The conference in the Red Sea resort of Sharm el-Sheikh comes in a fraught year marked by Russia's war on Ukraine, an energy crunch, soaring inflation and the lingering effects from the Covid pandemic.

But Simon Stiell, the UN's climate change executive secretary, said he would not be a "custodian of backsliding" on the goal of slashing greenhouse emissions 45 percent by 2030 to cap global warming at 1.5 degrees Celsius above late-19th-century levels.

Current trends would see carbon pollution increase 10 percent by the end of the decade and Earth's surface heat up 2.8C, according to findings unveiled last week.

Promises made under the 2015 Paris Agreement would, if kept, only shave off a few tenths of a degree.

In a dire warning, the UN's World Meteorological Organization said the past eight years are on track to be the eight warmest on record, with an acceleration in sea level rise, glacier melt and heatwaves.

"As COP27 gets underway, our planet is sending a distress signal," UN chief Antonio Guterres said in a statement.

The COP27 summit will focus like never before on money -- a major sticking point that has soured relations between countries that got rich burning fossil fuels and the poorer ones suffering from the worst consequences of climate change.

Delegates agreed on Sunday to put the "loss and damage" issue on the COP27 agenda, a first step toward what are sure to be fraught discussions.

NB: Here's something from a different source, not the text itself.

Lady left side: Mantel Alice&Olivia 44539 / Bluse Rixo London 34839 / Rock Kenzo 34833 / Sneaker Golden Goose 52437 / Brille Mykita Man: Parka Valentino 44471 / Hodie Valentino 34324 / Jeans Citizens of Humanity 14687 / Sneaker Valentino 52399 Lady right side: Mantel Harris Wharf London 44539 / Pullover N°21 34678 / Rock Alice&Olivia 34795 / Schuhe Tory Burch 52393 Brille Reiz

Inclusion of the agenda item "reflects a sense of solidarity and empathy for the suffering of the victims of climate induced disasters," said COP27 president Sameh Shoukry of Egypt.

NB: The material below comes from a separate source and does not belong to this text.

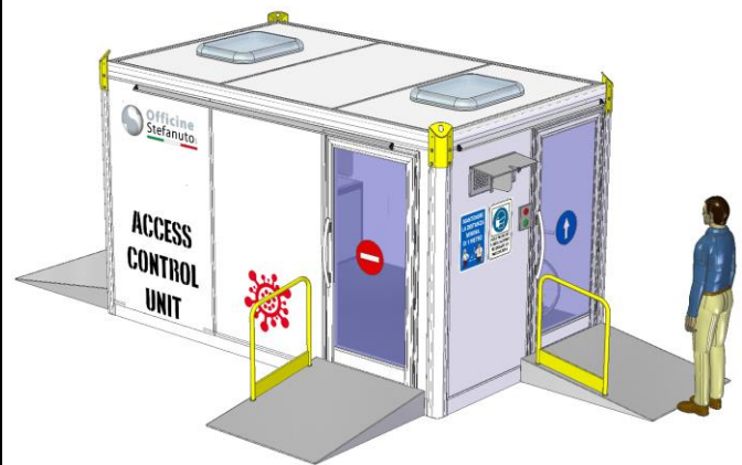
Ansicht auf AUSGANGSBEREICH FÜR UNBEFUGTES PERSONAL

"We all owe a debt of gratitude to activists and civil society organisations who have persistently demanded the space to discuss funding for loss and damage," he said to applause.

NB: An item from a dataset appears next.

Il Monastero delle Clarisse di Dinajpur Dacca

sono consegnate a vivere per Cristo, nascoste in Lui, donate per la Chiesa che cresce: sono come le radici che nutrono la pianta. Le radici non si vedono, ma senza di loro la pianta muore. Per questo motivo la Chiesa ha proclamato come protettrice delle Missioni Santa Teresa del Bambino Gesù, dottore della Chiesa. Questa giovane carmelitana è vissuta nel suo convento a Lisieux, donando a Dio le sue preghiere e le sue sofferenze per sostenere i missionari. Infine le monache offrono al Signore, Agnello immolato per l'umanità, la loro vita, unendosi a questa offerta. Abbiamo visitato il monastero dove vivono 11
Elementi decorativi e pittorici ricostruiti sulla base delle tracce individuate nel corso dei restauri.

Shoukry also noted that rich nations have not fulfilled a separate pledge to deliver $100 billion per year to help developing countries green their economies and build resilience against future climate change.

He also lamented that most climate financing is based on loans.

"We do not have the luxury to continue this way. We have to change our approaches to this existential threat," he said, calling for solutions that "prove we are serious about not leaving anyone behind".

After the first day of talks, more than 120 world leaders will join the summit on Monday and Tuesday.